Anyway, Frontload 2009 started on Friday night at Lalo’s and continued Saturday night with another Sac staple: Zelda’s spinoccoli deep-dish pizza. Zelda’s longstanding pie maker Ed Poste was working this evening; he once explained to me that spinoccoli was one of the original Chicago pie recipes that Zelda Breslin brought to Sac. Some people like to add tomato sauce, but the pie traditionally is served without. The broccoli, feta chunks and cheese-on-the-bottom approach prevails sans sauce supreme.
But no foodie bender would be complete without dim sum. And so, Sunday morning found me on 65th Street and Stockton Boulevard at Asian Pearl 2009, south Sac’s newest and most-striking dim-sum palace.
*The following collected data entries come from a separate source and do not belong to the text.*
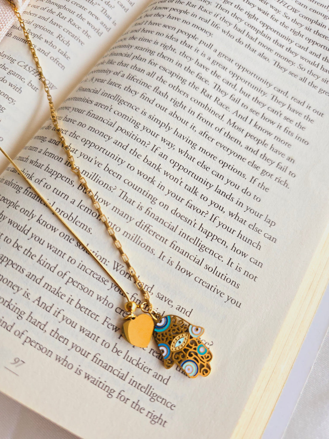 Elysa Charm Pendant β Hamsa & Heart Duo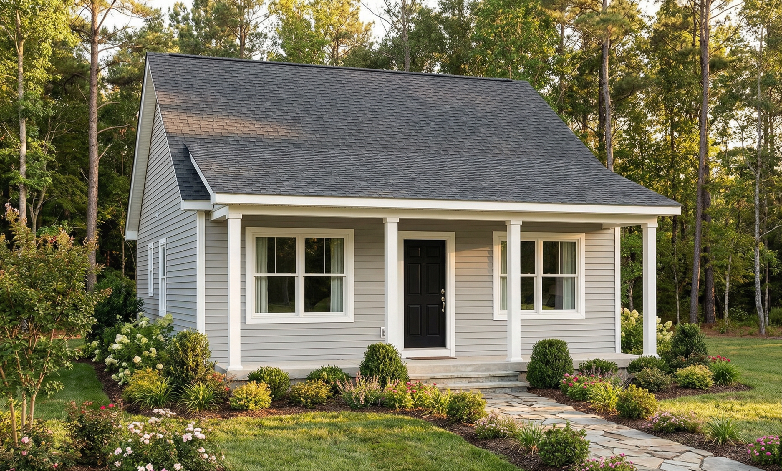 light neutral color coastal style home addition shade in existing home shown behind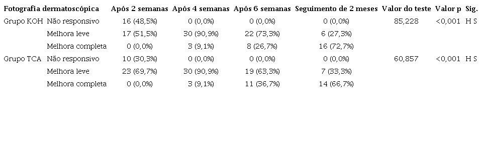 Ambos os grupos apresentaram melhora estatisticamente significativa nas avaliações clínicas e dermatoscópicas ao longo das sessões de tratamento, com valores de p < 0,001 para o grupo KOH e 0,001 para o grupo TCA.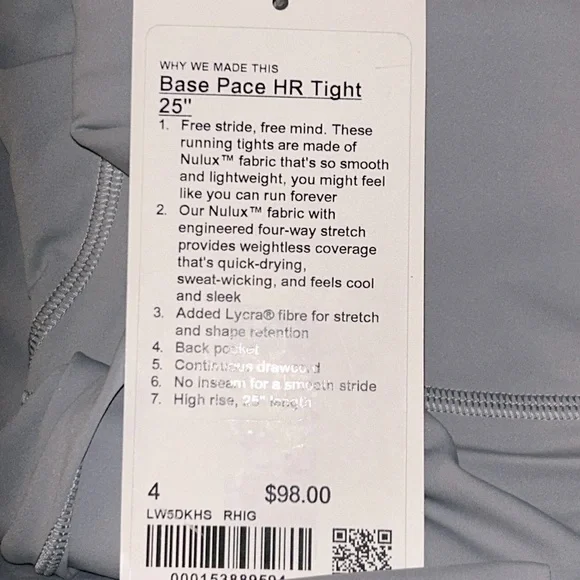 Released 11/2024 New with tagsSize 4 Base Pace High-Rise Tight 25"Rhino GreyFree stride, free mind. These running tights are made of Nulux™ fabric that´s so smooth and lightweight, you might feel like you can run forever.nulux™Nulux™ fabric is quick-drying, sweat-wicking, and offers lightweight coveragehigh rise, 25" lengthIntended to sit above anklefeaturesDesigned for: RunLycra®: Added Lycra® fibre for shape retentionBack pocket: Holds your essentialsContinuous drawcord: Won´t get pulled inside or lost in the washReduce chafe: No inseam means less inner thigh chafingRise and inseam: High rise, 25" inseam#Activewear, #GymWear, #WorkoutClothes, #FitnessFashion, #Sportswear, #TrainingGear, #AthleticWear, #GymStyle, #FitnessStyle, and #RunningGear. #YogaWear, #BoxingShorts, #ThaiShorts. #Fitness, #Workout, #Gym, #FitFam, and #FitnessMotivation

Asian Pearl 2009 seats close to 400 people—and all the seats were filled this past Sunday at 11:30 a.m. Parties of 13 were the norm, mostly Asian families, some likely three generations seated around one table: sons and daughters, moms and dads, grandmas and grandpas.
How often do you see middle-class white America chowing family-style at Denny’s?
A.P. ’09 serves Hong Kong-style Cantonese food in addition to dim sum, but the sum of all parts is the dim, which is not for the faint of culinary heart. Servers usher carts up and down the palace’s aisles, featuring fried squid, ducks with the skin and all sorts of dumplings. The highlights? Perfectly steamed long stalks of Chinese broccoli with delicate florets, dressed with a savory oyster sauce; and, of course, my fav: cha siu bao, or steamed cue-ball-sized buns filled with barbecue-flavored pork.
I ate a ton, but the only choking during Frontload ’09 was courtesy of the Cincinnati Bengals.
The spree ended Sunday night with seconds of beef Bourgogne at mom’s, which, like a barbiturate, induced an unprecedented and mighty food coma. Still, it was a legendary feast, although next year I’ll probably forgo Frontload 2010 and fast. This kind of unbridled gluttony does little for the waist—or Western guilt.